STORED DATA:
════
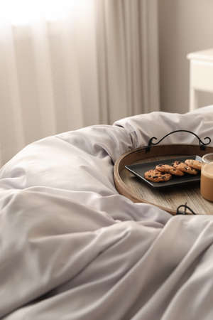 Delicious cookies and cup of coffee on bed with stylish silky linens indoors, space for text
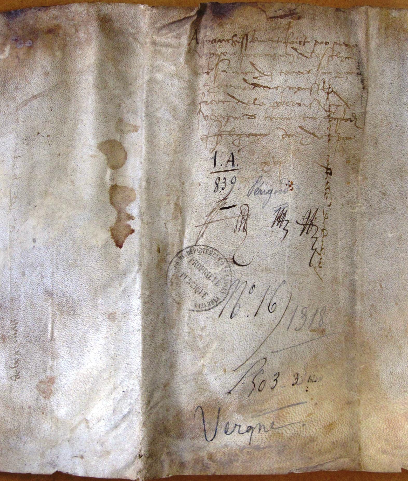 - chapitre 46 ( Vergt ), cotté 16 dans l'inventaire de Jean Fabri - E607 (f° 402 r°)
════
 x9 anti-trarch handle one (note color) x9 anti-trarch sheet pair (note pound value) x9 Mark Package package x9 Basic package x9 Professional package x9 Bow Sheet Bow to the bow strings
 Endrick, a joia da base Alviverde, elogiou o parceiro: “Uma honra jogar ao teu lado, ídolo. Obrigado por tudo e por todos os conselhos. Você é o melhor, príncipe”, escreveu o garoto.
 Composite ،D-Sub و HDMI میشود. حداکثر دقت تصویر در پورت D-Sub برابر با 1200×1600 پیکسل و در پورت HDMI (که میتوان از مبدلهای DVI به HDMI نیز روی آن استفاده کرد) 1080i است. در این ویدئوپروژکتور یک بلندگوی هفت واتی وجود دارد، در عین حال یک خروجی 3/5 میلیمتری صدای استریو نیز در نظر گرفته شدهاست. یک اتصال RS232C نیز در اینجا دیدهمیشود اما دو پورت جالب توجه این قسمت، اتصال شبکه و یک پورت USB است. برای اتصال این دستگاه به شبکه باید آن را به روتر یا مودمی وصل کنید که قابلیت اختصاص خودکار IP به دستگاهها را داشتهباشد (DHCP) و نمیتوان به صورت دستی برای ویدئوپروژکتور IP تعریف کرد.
════
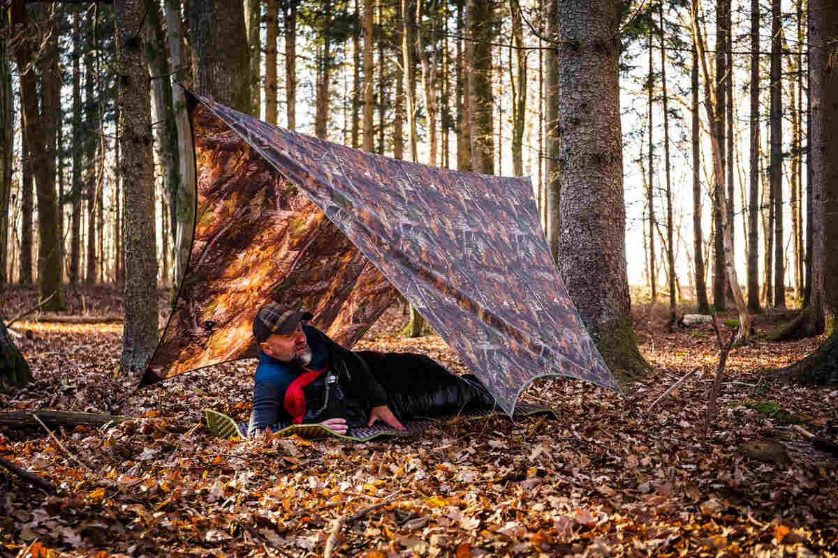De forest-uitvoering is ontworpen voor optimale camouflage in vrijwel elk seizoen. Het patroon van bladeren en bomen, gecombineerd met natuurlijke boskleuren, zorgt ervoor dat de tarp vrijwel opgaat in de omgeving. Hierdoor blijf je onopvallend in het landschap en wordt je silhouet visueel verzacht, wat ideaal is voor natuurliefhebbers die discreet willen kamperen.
════
INSTRUCTIONS FOR THE TASK:
Output should consist of the lines above from the one with "Delicious cookies and" down to the one with "- chapitre 46", exact and without pictures.

FINAL ANSWER:
 Delicious cookies and cup of coffee on bed with stylish silky linens indoors, space for text
 - chapitre 46 ( Vergt ), cotté 16 dans l'inventaire de Jean Fabri - E607 (f° 402 r°)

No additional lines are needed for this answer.